In my opinion, choosing to side with the developers on this particular file and make excuses for them is an example of being unrealistic.
P. Clark is bang on.
My understanding is the fine was, prior to the sale of the property to the new owners, found to be illegal and unenforceable . Note “prior”. I am not familiar with the reasoning but I am sure someone here can provide clarity. Again it is my understanding the make up of the ownership corporation that now owns these lots does contain one or more shareholders that also were shareholders in the corporation that was the former owner..But having one or more common owners between the former owner corporation and the present owner corporation does not necessarily allow for the transfer of liabilities. The purchase and sale agreement may well have stipulated the purchaser did not assume any liabilities and that any liabilities remained with the vendor.
Respectfully and for your edification
UNREALISTIC definition and meaning | Collins English Dictionary
If you say that someone is being unrealistic, you mean that they do not recognize the truth about a situation, especially about the difficulties involved
The Last Word
Editor’s note: The amount wasn’t a fine.

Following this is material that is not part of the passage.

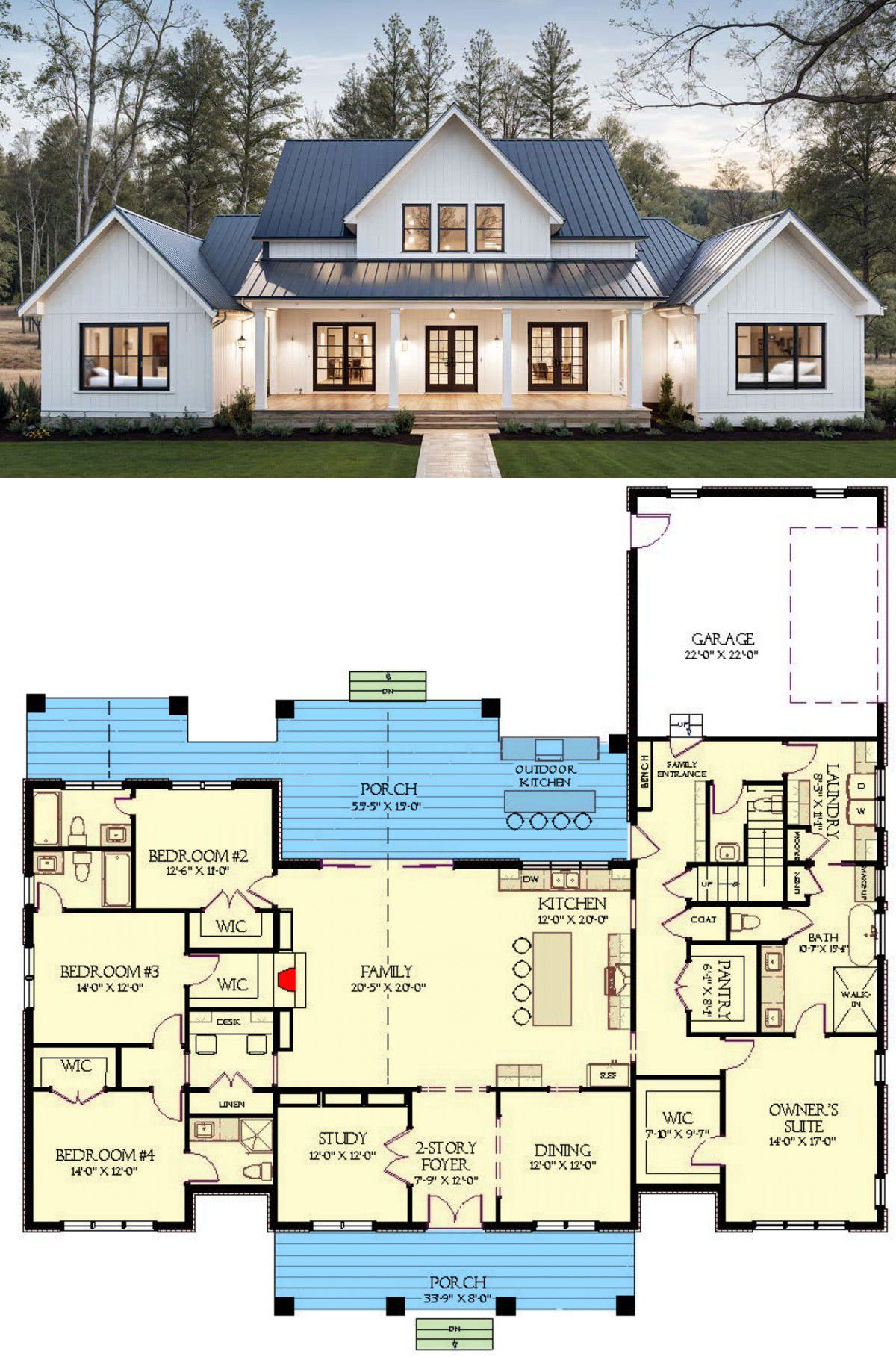 This modern farmhouse plan offers approximately 3,003 sq ft of heated living space, with 4 bedrooms, 4 full baths and 1 half bath.

It was an agreement to pay a certain amount if certain conditions were not met.
The City Solicitor, Nancy Shea Nicol at the time this event took place, would have had one of her staff writ or revise the agreement that was presented. That they didn’t foresee any possible change of ownership of the property was just plain sloppy and negligent legal work.
Also – what I see as realistic and what you see as realistic is probably not the same. There is nothing that requires anyone’s opinion to be realistic. It is the facts that matter.
Editor
Was not the fine or penalty or whatever is the correct terminology found to be unenforceable prior to the change of ownership of the lot?
I seem to recall reading somewhere that the reason for its unenforceability is due to the City not being able to apply a condition to an application for development of a specific lot which restricts the use of or encumbers another lot which is not a part of the application. If this is incorrect please does somebody know the reason for its unenforceability?
In this instance if the fact is the condition in the agreement is legally unenforceable it would be unrealistic to think or say that it is enforceable.
Editor’s response: I’ll take this to be your last word on this issue.
Thank you
What pieces of the Lakeshore have been “saved” under the reign of MMW?
The Waterfront Hotel lot (potentially)?